In this reality, patience is really another name for ‘tolerate’ and sacrifice means the unjust you face because your mother kept quiet and dealt it with, because her mother kept still and sucked it up, and her mother’s mother said nothing because it’s her duty and she had no choice. 

These are the stories we inherit in our bones and despite our best attempts to heal, they peek out once in a while to remind you that growth sometimes requires wiping the slate clean and starting again.

But that’s the beauty of it as the storm tapers down and the muck gets washed away. You’re never ever really starting from scratch again. You’re starting with the wisdom of all those falls, failures and follies. You have the battle scars to prove you’ve put the work in and while life may not have turned out how you’d imagined it, you’ll know how to react when the terrain looks familiar and your inner guide takes over.
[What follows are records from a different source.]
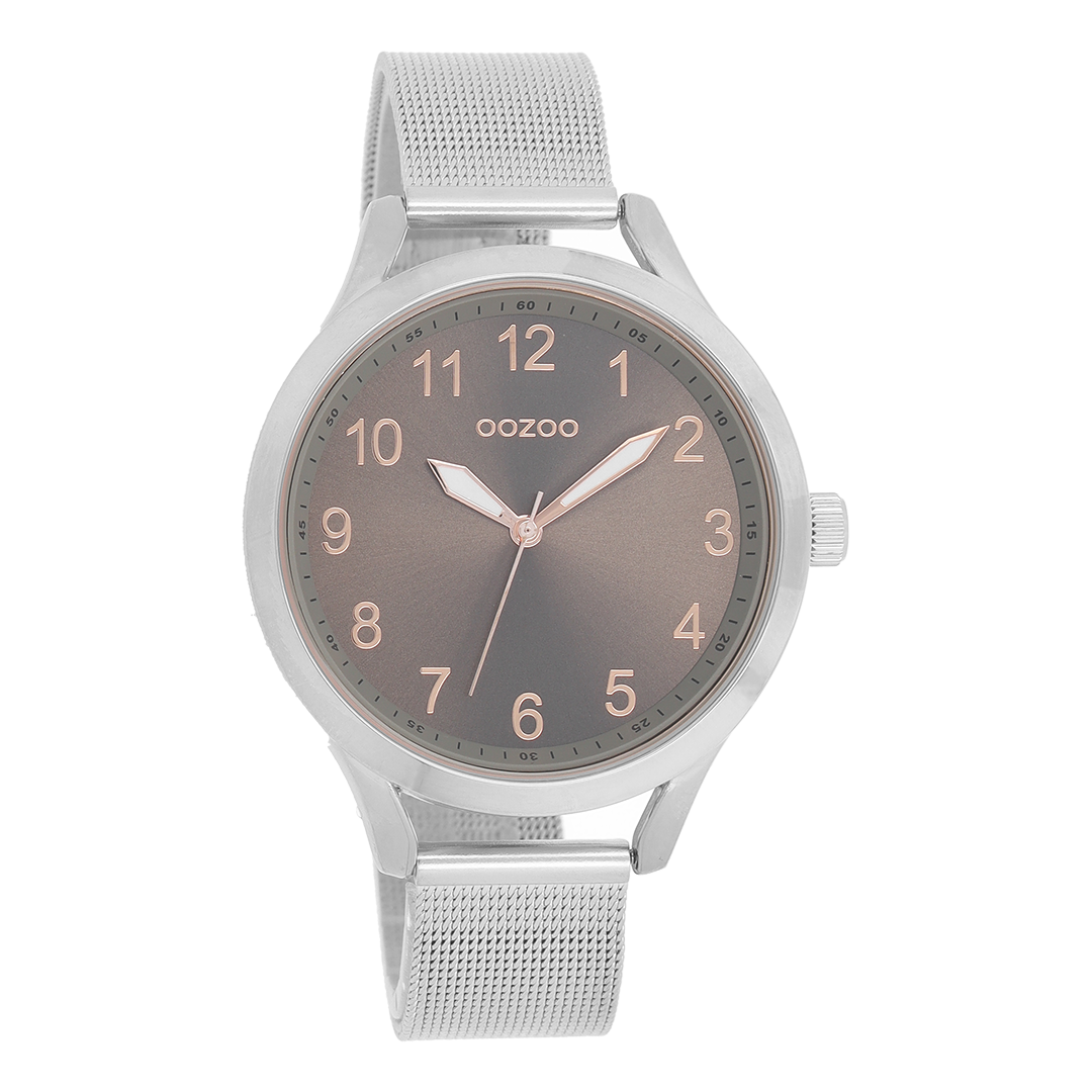 Silver coloured OOZOO watch with metal mesh bracelet - C9116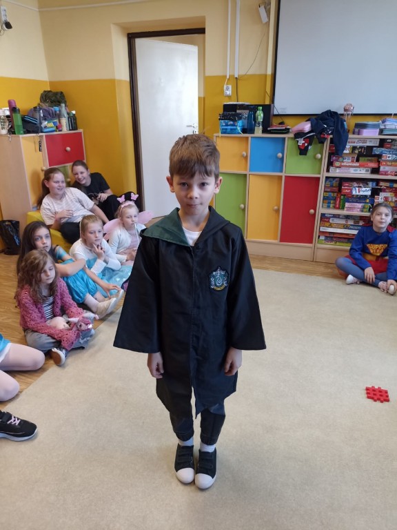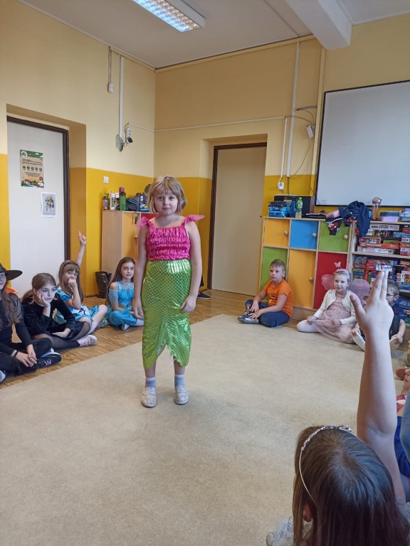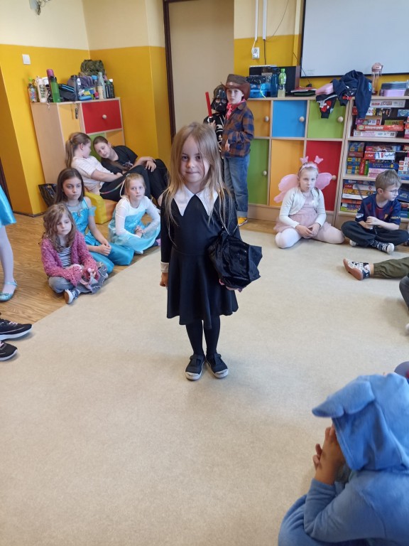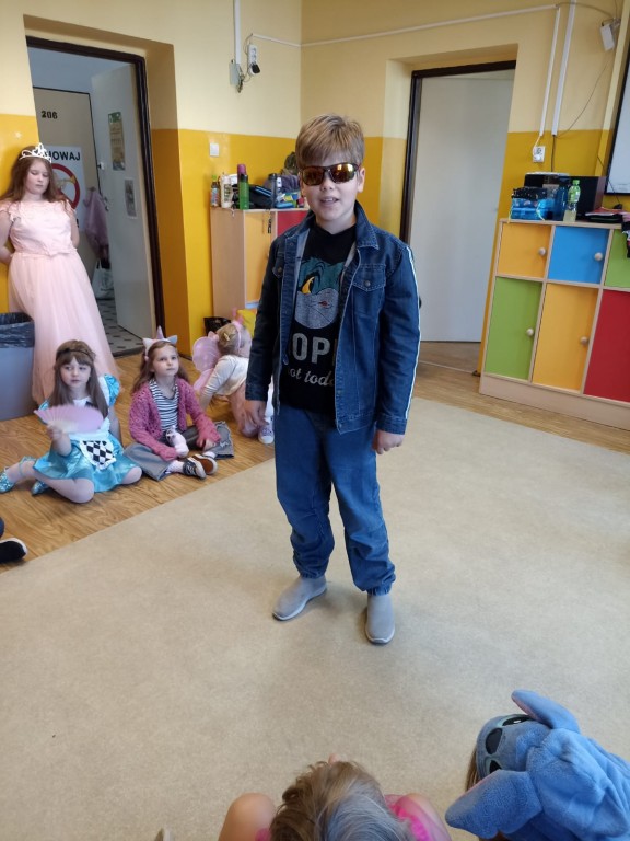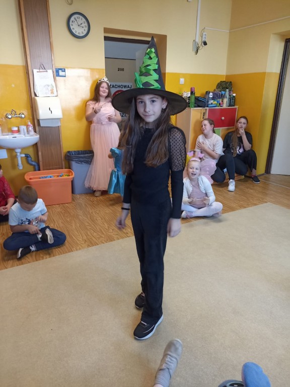 Było kolorowo, radośnie i bajkowo! A po południu na świetlicy dzieci zaprezentowały swoje przebrania w pokazie mody przy dźwiękach muzyki.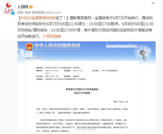 2023年全国高考时间确定(2023全国高考时间)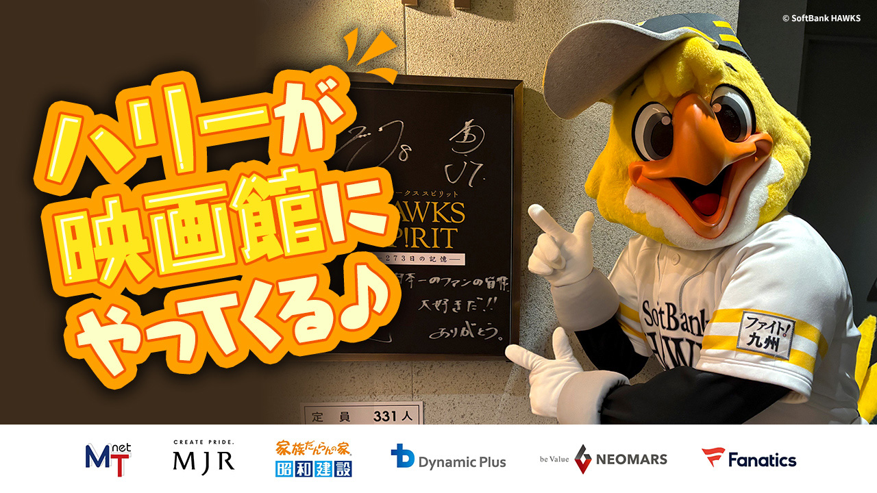 12月26日(金)に公開する長編ドキュメンタリー「映画 HAWKS SP!RIT -273日の記憶-」の公開を記念して、12月28日(日)限定でハリーホークとハニーズが福岡市内の映画館にやってきます!映画の上映終了後、ハリーホークとの写真撮影やプレゼントじゃんけん大会をお楽しみください!

And it’s not all doom and gloom, you’re also rebuilding that tower of yours up again with all the triumphs, joy and lessons gleaned from the dragons you’ve conquered. You’ve got this. Whatever form ‘this’ takes. 
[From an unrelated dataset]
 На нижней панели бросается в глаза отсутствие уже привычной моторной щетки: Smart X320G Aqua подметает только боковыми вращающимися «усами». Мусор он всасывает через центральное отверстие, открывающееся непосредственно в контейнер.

There’s a line that is often used in a tarot reading, “take what resonates and discard the rest away”. Obviously it’s a liability disclaimer to avoid taking these predictions seriously. Yet I find it oddly comforting as life advice too. 

I wished I took better care of myself last year so it wouldn’t take a breakdown to wake me up. But without that shitstorm, it wouldn’t have hit me how much of my identity was wrapped up in the external things that can be taken away. What’s left behind when you’re not your job, a daughter, a sister, a lover or a friend? Well, it’s just you and that inner little you. 

I used to roll my eyes at the platitude – ‘healing your inner child.’ My inner Rin can be quite a petty bitch who wants revenge on those who doubted and abandoned her. But if I hugged her a little tighter and let her anger recede, what’s remains is actually fear. The fear of being left behind for something she did, or being unseen for what she didn’t. I think most of us do. And that’s ok – because little Rin only knew what she did back then and she tried her best with what she had. For that fact alone, I love who she was and I’ll love who she’ll grow to be anyway. Even if it takes a few crumbling towers, shit storms and total wipe-outs for that lesson to sink in.